Say This Announcement On The Sportcast USA Board:

Friday Oct 5 at the Marlton NJ casting field Peter Thain will conduct a one day seminar that is sure to get you casting further. He is without doubt the worlds best technical caster. He has been working on training techniques that well help you learn how to get the sinker into position and how to apply the most power to it when it is. 

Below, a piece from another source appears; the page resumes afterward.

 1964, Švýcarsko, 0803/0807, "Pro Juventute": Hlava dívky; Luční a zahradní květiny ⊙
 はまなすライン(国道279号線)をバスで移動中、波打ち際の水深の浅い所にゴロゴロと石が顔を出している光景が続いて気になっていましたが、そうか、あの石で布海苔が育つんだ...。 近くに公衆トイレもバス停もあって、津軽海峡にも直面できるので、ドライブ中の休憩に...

The fee is $50.00 and you can register in advance to secure a place by calling 703 328 9625 or email: [email protected].

Hope to see you there.


----------



## J Barbosa (Aug 22, 2012)

I am taking the day off to go!!!

Is this an indoor or outdoor event? I want to see some lead fly.


----------



## Fox (Mar 11, 2009)

Just curious, if Peter teaches the OTG cast as well as the Pendulum?

Thanks,
Fox


----------



## Tommy (Jan 24, 2001)

Yes,

Peter is a world class groundcaster and I'm sure he will cover the groundcast.

Tommy


----------



## lmgaiter (Aug 13, 2012)

I just moved to Virginia from New Jersey. I would like to attend this course. Can someone provide a definite date, time and place?


----------



## xevious (Sep 22, 2002)

lmgaiter said:


> I just moved to Virginia from New Jersey. I would like to attend this course. Can someone provide a definite date, time and place?

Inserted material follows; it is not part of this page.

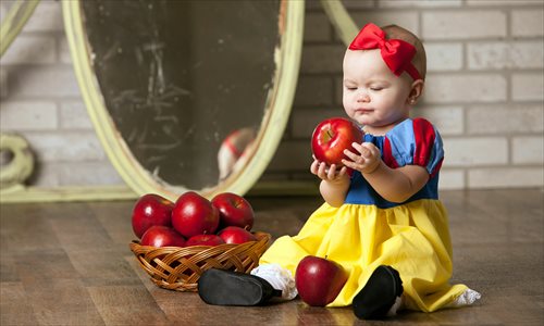 Baby Maddie in a scene from Snow White pondering her apple Photo: IC

Which one would you like to attend? I copied below from SCUSA site.

Friday the 5th of Oct at 1044 Tuckerton Road, Marlton NJ, 08053
It starts 9 to 9:30 and end it around 4:30.
Everyone will be casting so bring your own rod.
The fee of $50 will be collected at the field in Marlton, NJ. ( the same field where we will hold the Sportcast USA Nation Championship on Sat and Sunday Oct 6 and 7)


----------



## Tommy (Jan 24, 2001)

Friday, Oct 19th 
6649 Old Shallotte Road NW 
Ocean Isle Beach, NC

$50 per person for the day, start at 9:00am finish 4:30pm with a half hour break for lunch.

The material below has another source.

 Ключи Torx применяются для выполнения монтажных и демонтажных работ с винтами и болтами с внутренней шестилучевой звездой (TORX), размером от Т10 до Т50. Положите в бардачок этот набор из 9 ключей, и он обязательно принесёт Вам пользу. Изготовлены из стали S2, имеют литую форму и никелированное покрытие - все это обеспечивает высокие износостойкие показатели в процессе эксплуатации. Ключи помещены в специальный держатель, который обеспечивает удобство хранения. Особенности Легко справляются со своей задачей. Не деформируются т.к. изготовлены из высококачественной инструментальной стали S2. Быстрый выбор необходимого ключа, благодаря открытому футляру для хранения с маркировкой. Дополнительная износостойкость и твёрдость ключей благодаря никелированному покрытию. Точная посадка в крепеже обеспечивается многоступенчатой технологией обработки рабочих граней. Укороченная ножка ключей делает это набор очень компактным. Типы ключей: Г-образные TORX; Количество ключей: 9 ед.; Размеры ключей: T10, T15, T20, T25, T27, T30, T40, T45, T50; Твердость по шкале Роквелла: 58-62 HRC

Saturday and Sunday (oct 20-21) the CSCA will hold their Oct casting tournament. All are welcome.

Tommy


----------



## orlando357 (Sep 29, 2012)

*seminar*

I have to say i was there with Peter Thain this friday. What a great time i had. I learned alot. Peter is a great coach. At the beging of the seminar i was casting just over 400ft with a spinning reel, by the end my longest cast was about 575ft. I picked up at least 125ft. I'm going to keep practicing and i know i'll just keep getting better and better. This week i'm getting my conventional reel, now that i have the right technique there wont be no stopping me. Thank you so much Peter cant wait to take another class of yours. 


HEY TOMMY I'LL BE COMING FOR THAT TITLE SOME DAY!!!


----------



## Tommy (Jan 24, 2001)

orlando357 said:


> I have to say i was there with Peter Thain this friday. What a great time i had. I learned alot. Peter is a great coach. At the beging of the seminar i was casting just over 400ft with a spinning reel, by the end my longest cast was about 575ft. I picked up at least 125ft. I'm going to keep practicing and i know i'll just keep getting better and better. This week i'm getting my conventional reel, now that i have the right technique there wont be no stopping me. Thank you so much Peter cant wait to take another class of yours.
> 
> 
> HEY TOMMY I'LL BE COMING FOR THAT TITLE SOME DAY!!!


There you go guys. Over 30% increase in one seminar!!!

Come on down to Shallotte, you will not regret it.

Tommy


----------



## Tommy (Jan 24, 2001)

Bump. 

If your not fishing, come on down to Shallotte.

Were gonna have a blast.

Tommy


----------



## orlando357 (Sep 29, 2012)

Hi Tommy when will you be in Shallotte, I may come down. It would be nice to meet you in person, and maybe get some tips from you.


----------



## Tommy (Jan 24, 2001)

I'll be there all day friday helping Peter Thain with the seminar. Sat and Sun are the tournament, I'll be there both days.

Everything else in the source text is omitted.